— What needs to be done —
The copy should hold exactly the lines below from the one that contains "with Garden View" through the one that contains "Моделювання міграції води" and nothing else, so no pictures.

[Source data]
- - -

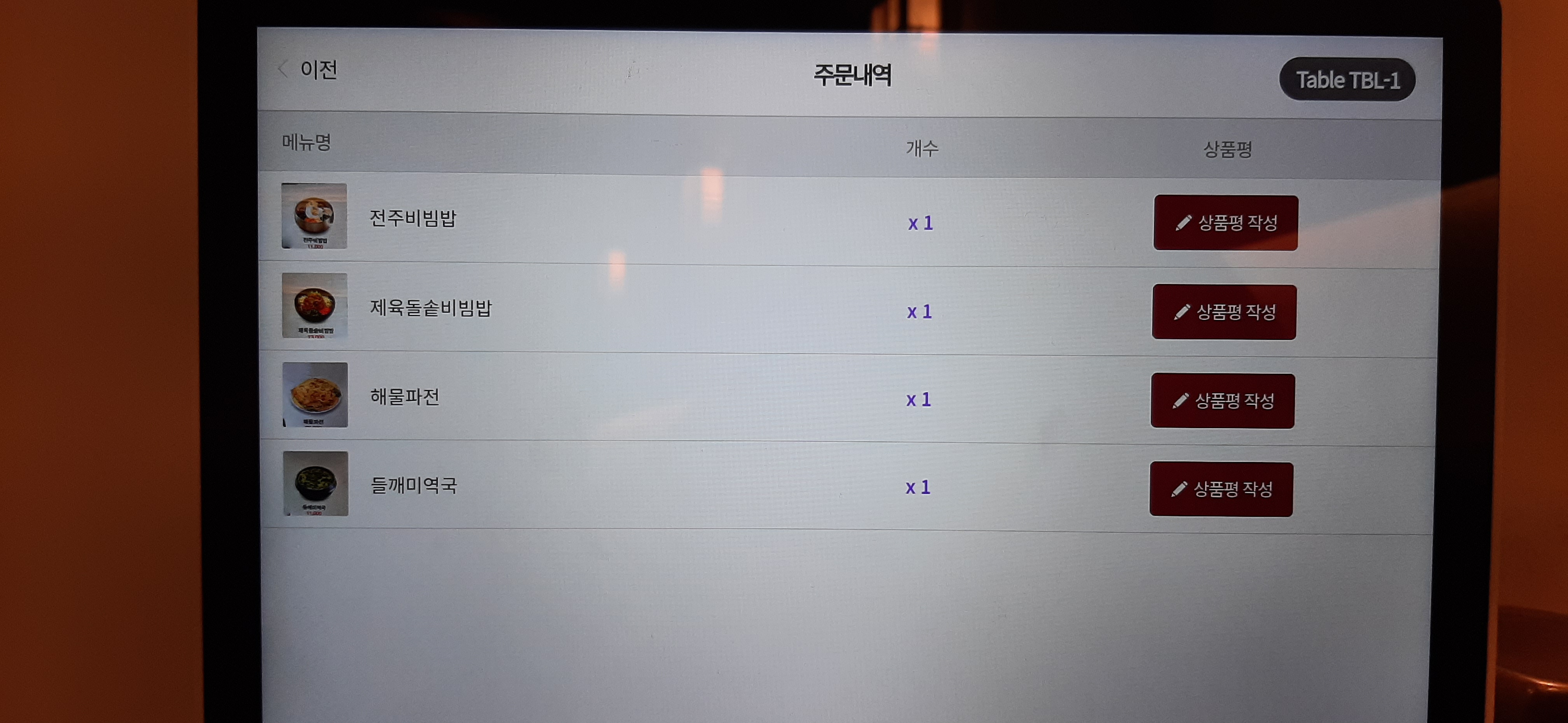 깔끔하게 리모델링을 한 식당이라 보기는 좋지만, 맛집의 오래된 느낌이 없어서 좀 섭섭하다. 테이블에 설치된 키오스크에서 딸이 주문을 한다. 전주비빔밥, 들깨미역국, 제육돌솥비빔밥, 해물파전을 주문한다. 여러 가지를 주문하여 맛을 보려고 한다.
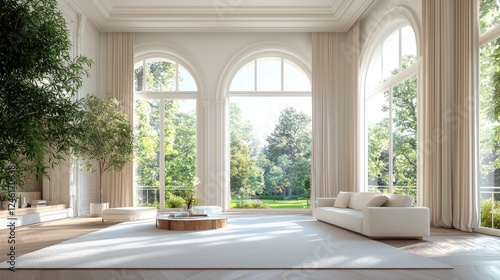 © KIMEHIME, Obraz premium Sunlit Luxury Living Room with Garden View
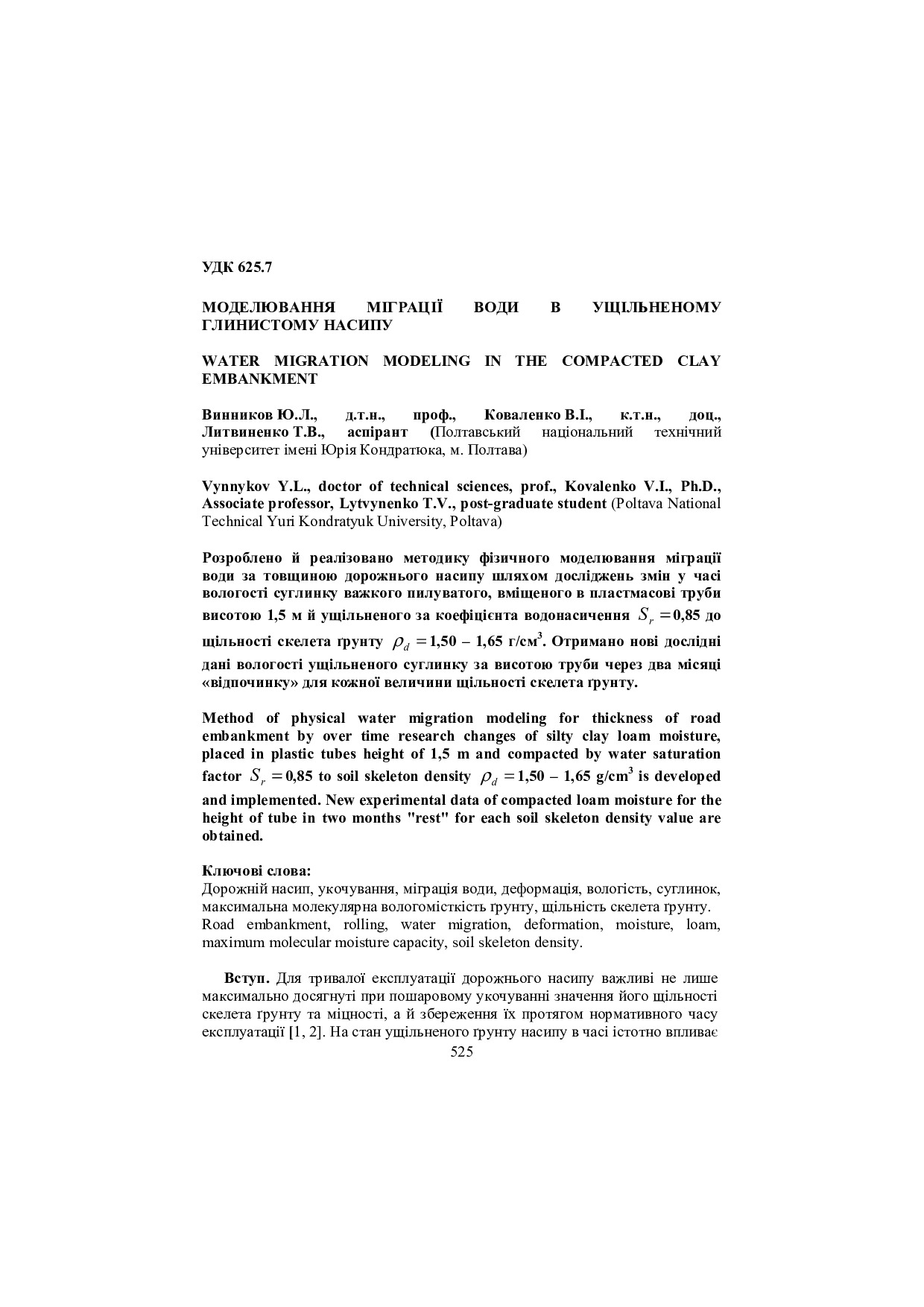 Моделювання міграції води в ущільненому глинистому насипу
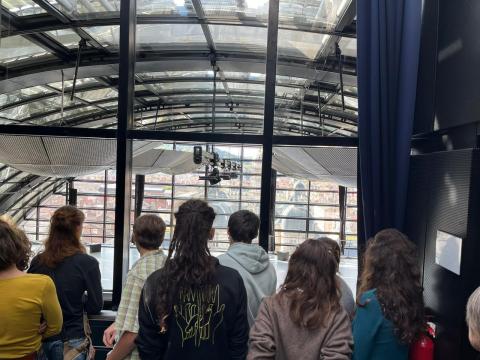En début d’après-midi, nous avons visité l’Opéra de Lyon en nous séparant en deux groupes, chacun accompagné d’un jeune guide passionné. Celui-ci avait à cœur de transmettre des connaissances architecturales, artistiques, techniques aussi bien que des anecdotes qui ont su piquer la curiosité de l’auditoire. Il s’agissait principalement de comprendre le projet de l’architecte Jean Nouvel, qui a conçu pour le public une invitation au voyage, le poussant à se défaire de ses repères avant d’accéder au spectacle. De la salle de répétition au sous-sol jusqu’au studio du ballet sous la verrière, nous avons parcouru de nombreux espaces. Un temps dédié à la grande salle a permis à chacun de se projeter en tant que spectateur pour la soirée à venir
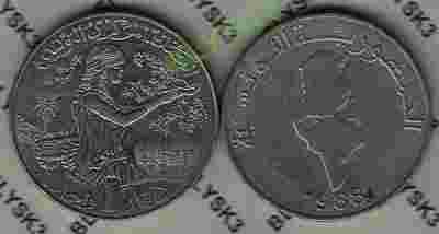 TUNEZJA /KM-319/ 1 DINAR 1988 r.F.A.O.
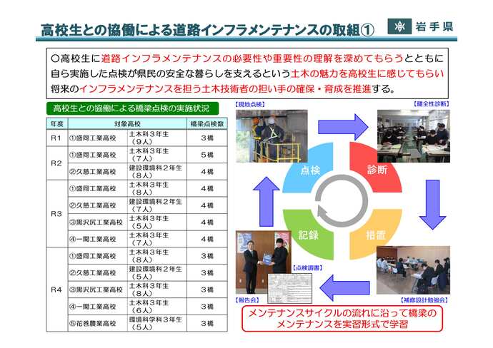 本取組に参加した生徒の中には、県内の自治体や建設企業・コンサルタントへの入職者もおり、将来のインフラメンテナンスを担う人材の確保・育成につながっています。
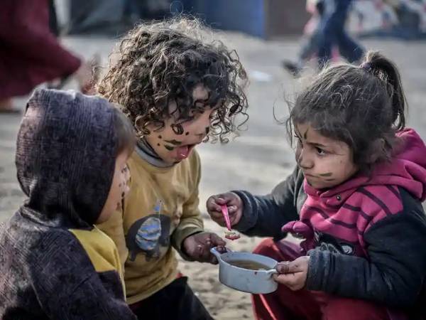 په انځور کې درې فلسطیني ماشومان لیدل کیږي، چې د غزې په رفح سیمه کې د ژوند له سختو شرایطو سره - سره یو بل ته خواړه ورکوي.
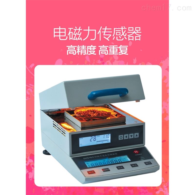 DHS16系列高精度卤素水分测定仪,是水分仪是一种新型的快速水分检测仪器,采用先进的电磁力平衡原理的高精度电子天平,辅以高性能温控装置以及环状加热管和镜面反射器,能快速、稳定、准确地测定试样的水分含量。
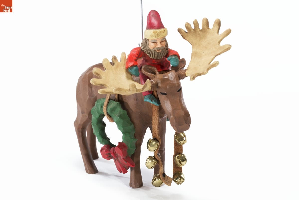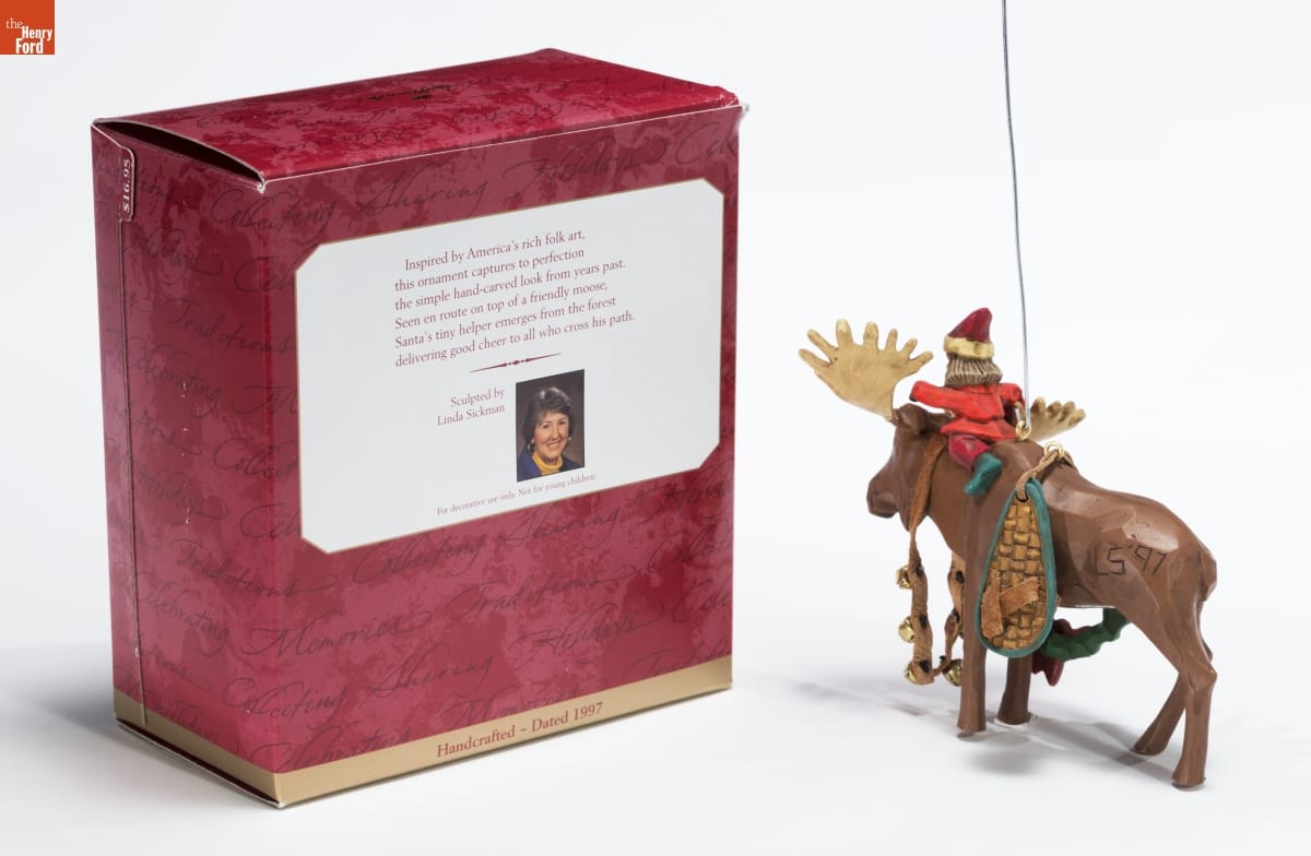 Inspired by America's rich folk art, / this ornament captures to perfection / the simple hand-carved look from years past. / Seen en route on top of a friendly moose, / Santa's tiny helper emerges from the forest / delivering good cheer to all who cross his path. / Sculpted by / Linda Sickman / For decorative use only. Not for young children. / Handcrafted - Dated 1997
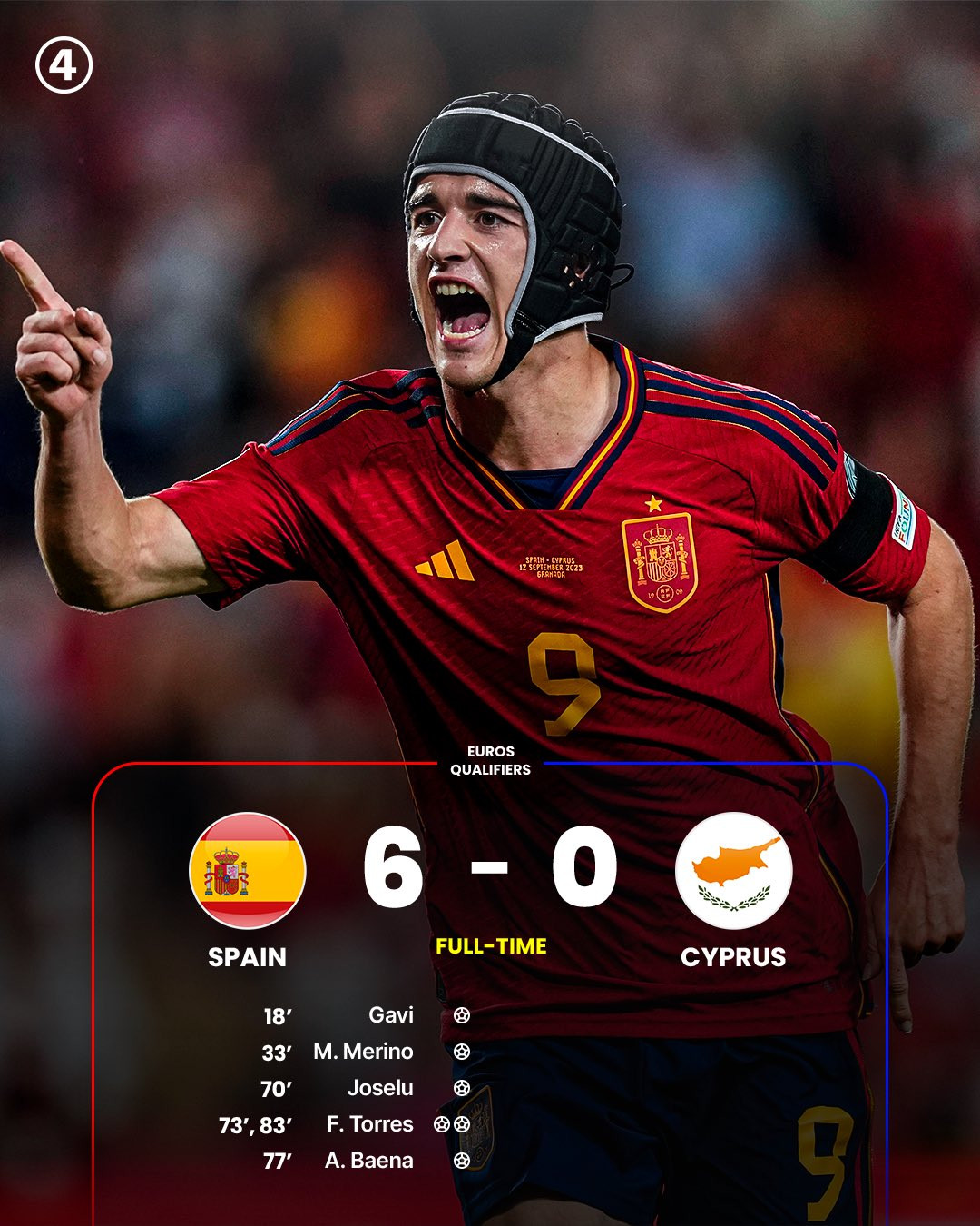 Tây Ban Nha áp đảo sau tiếng còi khai cuộcGavi nhanh chóng mở tỷ số cho "những chú bò tót"Niềm vui của tiền vệ trẻ thuộc biên chế BarcelonaJoselu ghi bàn thứ 3 cho Tây Ban NhaTây Ban Nha giành chiến thắng đậm đàKết quả các trận vòng loại Euro 2024 rạng sáng 13/9

- - -

— Answer to the exercise —
 © KIMEHIME, Obraz premium Sunlit Luxury Living Room with Garden View
 Моделювання міграції води в ущільненому глинистому насипу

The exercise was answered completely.